I'd watch for sure but it could attract alot of riff raff to the state too.


----------



## sharkchum (Feb 10, 2012)

POC Fishin' Gal said:


> A fishing show on TV! Reality fishing on the Texas Coast with Sharkchum!!


You almost got it.


----------



## will-billy (Dec 23, 2018)

youtube channel?


----------



## Trailer Rig (Jul 25, 2011)

sharkchum said:


> You almost got it.


One of the reports for the CCA insider fishing reports show.
The off the sand report from SharkChum.


----------



## sharkchum (Feb 10, 2012)

will-billy said:


> youtube channel?


We have a winner.

Sent from my SM-T387V using Tapatalk


----------



## POC Fishin' Gal (Nov 20, 2009)

yeah! I think it's great and you're gonna have fun doing what you love and make a ZILLION $$$$! You go guy!


----------



## fishingtwo (Feb 23, 2009)

Why would you start a u tube of you laying pipe?


----------



## Tightlines1984 (Mar 28, 2014)

Ah l to was going to guess becoming a weight watchers spokesman.Looks like you have dropped some LB’S! Best of luck on the new show!


----------



## gotmuddy (Dec 19, 2013)

teaching people the first rule of sharkchum fishing, DONT LAY THE ROD DOWN IN THE SAND


----------



## gotmuddy (Dec 19, 2013)

sharkchum said:


> We have a winner.
> 
> Sent from my SM-T387V using Tapatalk


you better get way better at keeping your spots secret


----------



## jpdarby2 (Aug 17, 2016)

Glad to hear you’re back and I look forward to the YouTube channel


----------



## sharkchum (Feb 10, 2012)

gotmuddy said:


> teaching people the first rule of sharkchum fishing, DONT LAY THE ROD DOWN IN THE SAND


No, The first rule is to never lay your "REEL" in the sand, the sand cant hurt the rod. My reel is on a piece of driftwood and not touching the sand at all.


----------



## Zeitgeist (Nov 10, 2011)

On occasion, I am going to help on some shoots. Going to order me a Lumix GH5 Mirrorless camera and a DJI Ronin S gimble. Gonna be on like Sharkchum!!!


----------



## will-billy (Dec 23, 2018)

subscribed


----------



## habanerojooz (Dec 4, 2006)

High end camera on a gimble rocks. Pictures and outstanding video. Longer videos get advertisement breaks. 
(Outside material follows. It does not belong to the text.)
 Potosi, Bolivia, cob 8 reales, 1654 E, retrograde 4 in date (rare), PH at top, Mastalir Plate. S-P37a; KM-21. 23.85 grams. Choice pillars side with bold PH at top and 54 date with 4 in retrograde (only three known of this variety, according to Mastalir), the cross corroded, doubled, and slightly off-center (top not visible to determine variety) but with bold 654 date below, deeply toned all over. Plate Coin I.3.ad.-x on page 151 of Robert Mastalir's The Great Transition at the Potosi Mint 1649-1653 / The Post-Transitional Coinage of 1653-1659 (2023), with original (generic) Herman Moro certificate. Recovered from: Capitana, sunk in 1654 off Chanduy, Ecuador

Good luck with that. You seem to have the passion and obviously the experience to make it educational and entertaining. Look forward to watching it. 
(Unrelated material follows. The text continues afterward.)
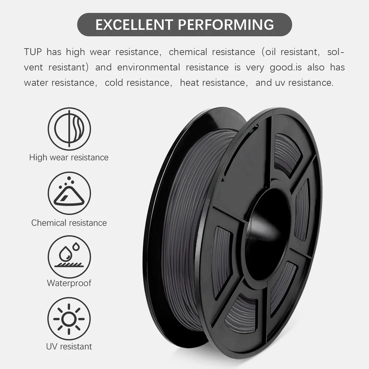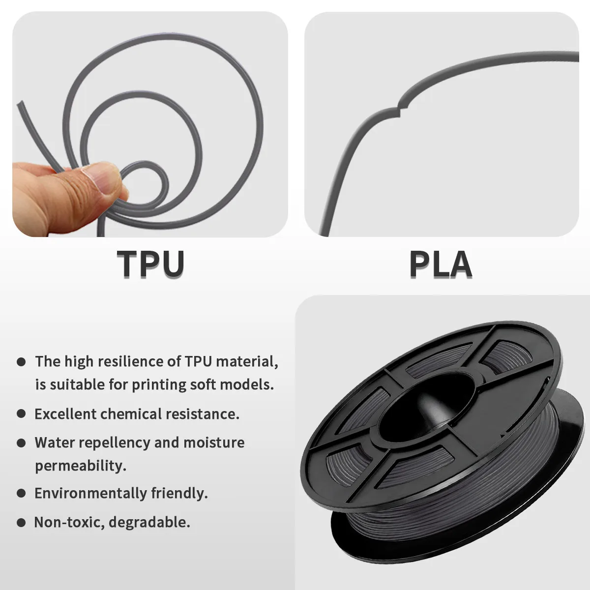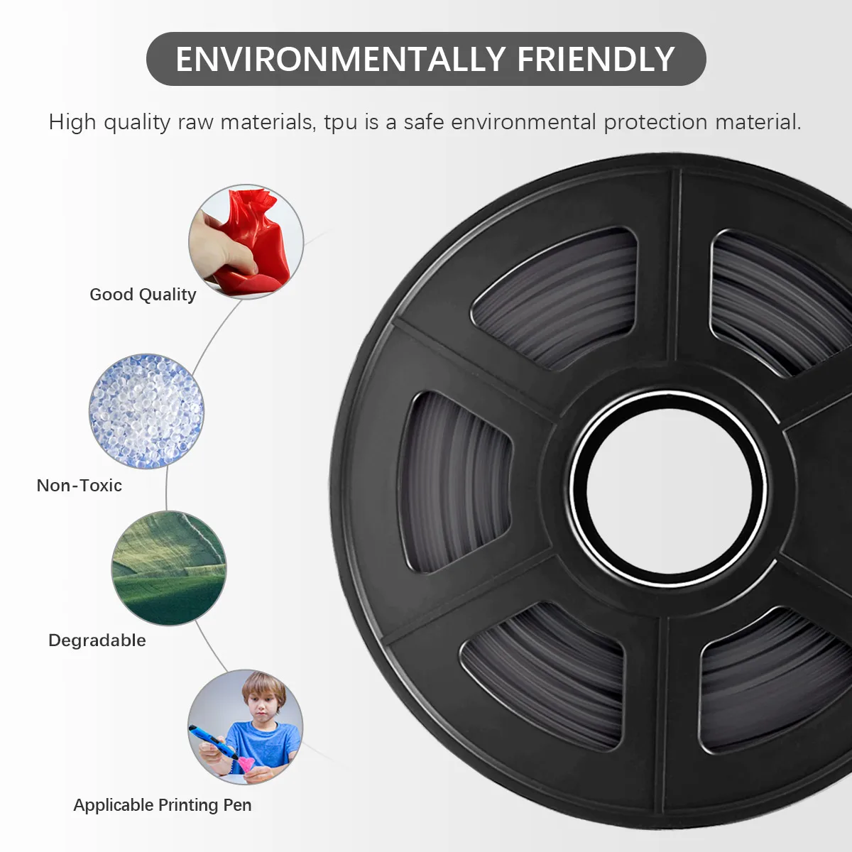 Гибкая нить из ТПУ не токсична, легко питается, легко формируется, обладает высокой прочностью и эластичностью. Хорошо для печати детских игрушек и обуви и т. Д.

Sent from my iPhone using Tapatalk


----------



## IWasaFishInMyPastLife (Jul 26, 2005)

happy to see sharkchum back!


----------



## gbcorley (Feb 15, 2017)

gotmuddy said:


> teaching people the first rule of sharkchum fishing, DONT LAY THE ROD DOWN IN THE SAND


Am I the only one that finds it funny that this guys trying to lecture someone that has probably forgot more about fishing then he probably knows.

Sharkchum glad to see you back at it.


----------



## sharkchum (Feb 10, 2012)

gbcorley said:


> Am I the only one that finds it funny that this guys trying to lecture someone that has probably forgot more about fishing then he probably knows.
> 
> Sharkchum glad to see you back at it.


It's ok, he's a friend of mine. He's just giving me a hard time because the first time he went fishing with me, I jumped all over him because he set his reel down in the sand.


----------



## DA REEL DADDY (Jun 7, 2005)

That'll be cool I'll watch it.

You know a while back I saw an episode, I want that it was a Texas outdoors fishing hunting show with Keith Warren. If I got his name right.

They featured a surf guide and I'm pretty sure it's South Padre Island area.

He took people down the beach in his truck or a Jeep that was rigged up for surf fishing and just drove down the beach if he saw birds working he get out and throw into them and catch trout or he'd set up the rods for red fish and sharks.

BTW the u tube thing is a good idea.


----------